« L’happening joyeux de la révolution risque de se transformer en grande déception », prévient Abdelbasst Belhassen, président de l’institut arabe des Droits de l’Homme. Dressant l’état des libertés après le 14 janvier, lors de la table ronde de la Fondation Averroès pour la démocratie et le progrès, il a déploré un grand cirque médiatique sans cesse nourri par de nouveaux faux problèmes (tels que le mariage des filles mineures, la complémentarité de la femme et autres), la grande désertification culturelle et surtout l’émergence de nouvelles institutions qui cultivent l’ignorance et oeuvrent à sa propagation.
« La révolution a-t-il souligné, a pourtant posé au monde entier de grandes questions. Elle est en effet une révolution civile qui revendique des valeurs universelles. Elle transforme la relation avec le pouvoir de la verticalité à l’horizontalité, en prônant une large participation de tout un chacun. Elle a sorti tous les laissés pour compte de la marginalité et du silence qui leur était imposé, liant fortement les droits politiques, économiques et sociaux, et rendant impossible toute tentative de les confiner à nouveaux hors de toute implication effective. Comme elle a rouvert le champ à de nouvelles relations internationales et alliances.

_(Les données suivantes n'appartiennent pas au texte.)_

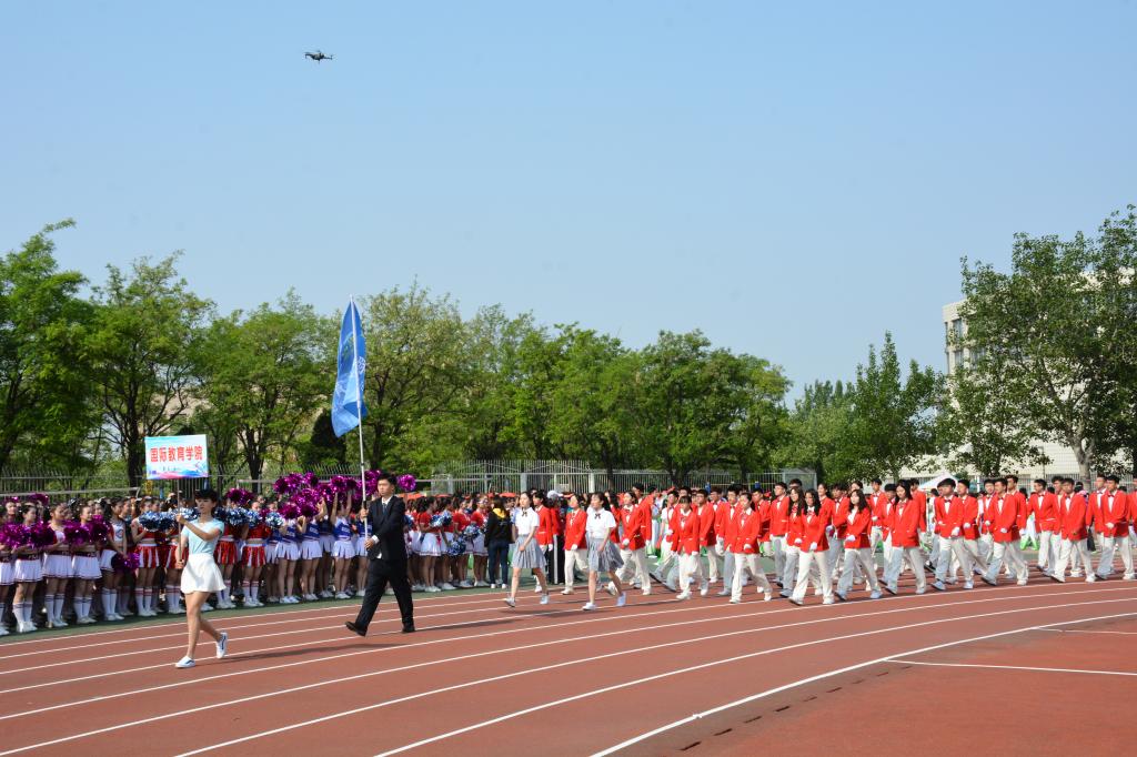 运动会开幕式上,激昂的口号响起,铿锵有力的脚步踏起,国际教育学院方队同学精神抖擞、神采飞扬,“国教国教,斗志激昂,齐心协力,共创辉煌”,高亢嘹亮的口号充分展现了我院学子的蓬勃生机与昂扬斗志;伴随着轻扬、悠缓的音乐,武术操同学手舞折扇站上了运动舞台,整齐划一的动作无不彰显着我院学生严谨的纪律与组织性;动感音乐奏起,团体操队员青春靓丽,舞动着花穗登上健身草坪,现场浮翠流丹,洋溢着当代青年学子蓬勃朝气、奋发向上的精神气质。

Mais, si de nombreuses opportunités ont été saisies, de grandes menaces ont surgit, s’amplifiant, estime Belhassen. Parmi les acquis réalisés, notamment au sein de la Haute Instance pour la réalisation des objectifs de la révolution, indique-t-il, une intense participation de la société civile dans l’élaboration du processus de transition, à travers le dialogue, la négociation et la confrontation des points de vue ce qui a permis de faire adopter 6 décrets-lois essentiels. Il cite également la formulation de propositions concrètes avancées pour instaurer la justice transitionnelle, regrettant cependant que l’absence du dialogue et d’une vision droitl’hommiste de la transition conduit vers la violence.

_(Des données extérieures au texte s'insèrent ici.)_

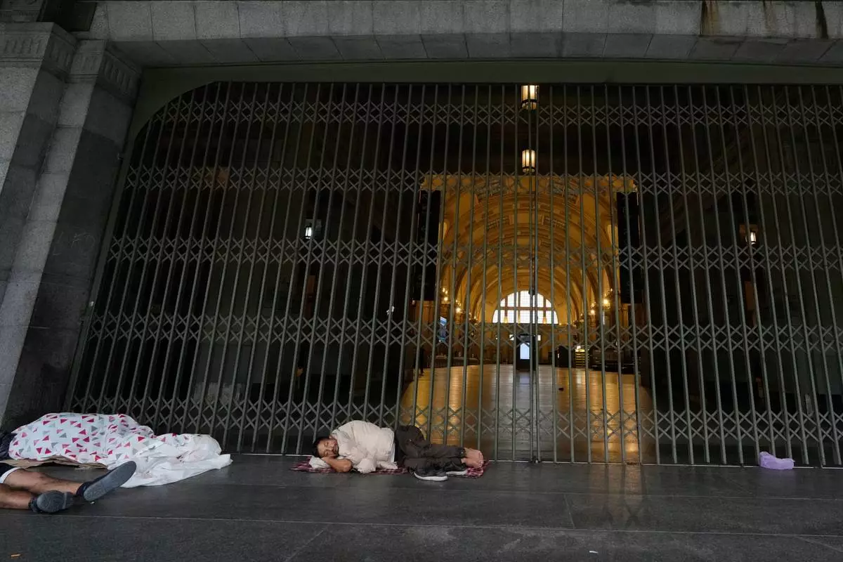 People sleep near the closed entrances of Constitucion railway station during a union strike against a proposed labor reform bill in Buenos Aires, Argentina, Thursday, Feb. 19, 2026. (AP Photo/Gustavo Garello)

Quant au quatre grands dangers qui guettent aujourd’hui la révolution, Abdelbasset Belhassen cite en premier lieu l’Incorporation des controverses idéologiques dans la rédaction de la nouvelle constitution, comme si on voudrait faire de la loi suprême un outil de domination totale. Le retard pris dans la réforme économique et sociale, ajoute-t-il, ne peut qu’exacerber la tension et le mécontentement. En troisième danger, il pointe du doigt la large instrumentalisation du lexique sémantique en jouant sur la terminologie et détournant les vocables de leur véritable sens comme parler des droits de la famille au lieu de ceux de la femme, ou utiliser complémentarité au lieu d’égalité et autres. Le quatrième danger, selon Belhassen, provient de la tentative de mettre la main sur l’Administration publique en procédant à des nominations partisanes et sans tenir compte de la compétence ce qui ouvre la voie à l’affaiblissement de l’État et à la régression de la qualité des services publics. En exemple, il épingle particulièrement l’accumulation des détritus et la dégradation alarmante de la propreté et la situation des forces de l’ordre.

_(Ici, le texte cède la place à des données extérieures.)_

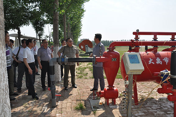 大禹节水(天津)有限公司董事长王冲向柴绍豪一行介绍公司研发生产的全自动施肥过滤器产品应用情况

Un fondement essentiel des droits de l’Homme, rappelle-t-il en conclusion, c’est l’existence d’un Etat fort dont l’étiolement risque de favoriser l’émergence de structures et institutions parallèles dans tous les domaines, pour prendre sa place, dans le maintien de l’ordre, l’enseignement et partout ailleurs. C’est ce qui doit nous recommander de consolider les fondements de l’Etat et d’œuvrer pour sa neutralité, mais aussi de privilégier la solution des problèmes économiques et sociaux et de cultiver un esprit de citoyenneté fondé sur le dialogue et la négociation.